**TASK TO CARRY OUT:** In the entries below, find the line with "青と白の配色が特徴のNike Air Jordan 1 Lowスニーカー" and the line with "商品名称: 立白爆款青柠洗洁精1450克/瓶 1.45kg/瓶/瓶". Print those two and everything between them exactly, and nothing else.

**MATERIAL FOR THE TASK:**
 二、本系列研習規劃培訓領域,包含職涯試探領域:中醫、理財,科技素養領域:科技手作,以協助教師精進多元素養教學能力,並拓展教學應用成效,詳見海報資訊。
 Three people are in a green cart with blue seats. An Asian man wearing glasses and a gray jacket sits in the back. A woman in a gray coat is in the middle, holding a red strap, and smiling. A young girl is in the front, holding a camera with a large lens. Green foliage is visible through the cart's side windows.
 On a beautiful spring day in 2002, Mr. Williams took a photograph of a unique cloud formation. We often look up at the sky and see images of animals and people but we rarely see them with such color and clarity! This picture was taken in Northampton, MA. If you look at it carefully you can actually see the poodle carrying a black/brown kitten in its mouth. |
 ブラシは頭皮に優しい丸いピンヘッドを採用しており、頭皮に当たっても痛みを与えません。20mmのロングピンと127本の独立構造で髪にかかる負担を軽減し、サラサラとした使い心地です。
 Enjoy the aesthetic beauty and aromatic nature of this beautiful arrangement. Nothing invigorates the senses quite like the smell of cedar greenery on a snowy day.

...

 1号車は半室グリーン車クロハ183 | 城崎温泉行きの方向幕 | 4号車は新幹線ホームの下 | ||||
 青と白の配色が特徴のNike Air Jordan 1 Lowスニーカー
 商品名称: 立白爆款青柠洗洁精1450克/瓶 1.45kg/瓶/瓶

**PROBLEM SOLUTION:**
 青と白の配色が特徴のNike Air Jordan 1 Lowスニーカー
 商品名称: 立白爆款青柠洗洁精1450克/瓶 1.45kg/瓶/瓶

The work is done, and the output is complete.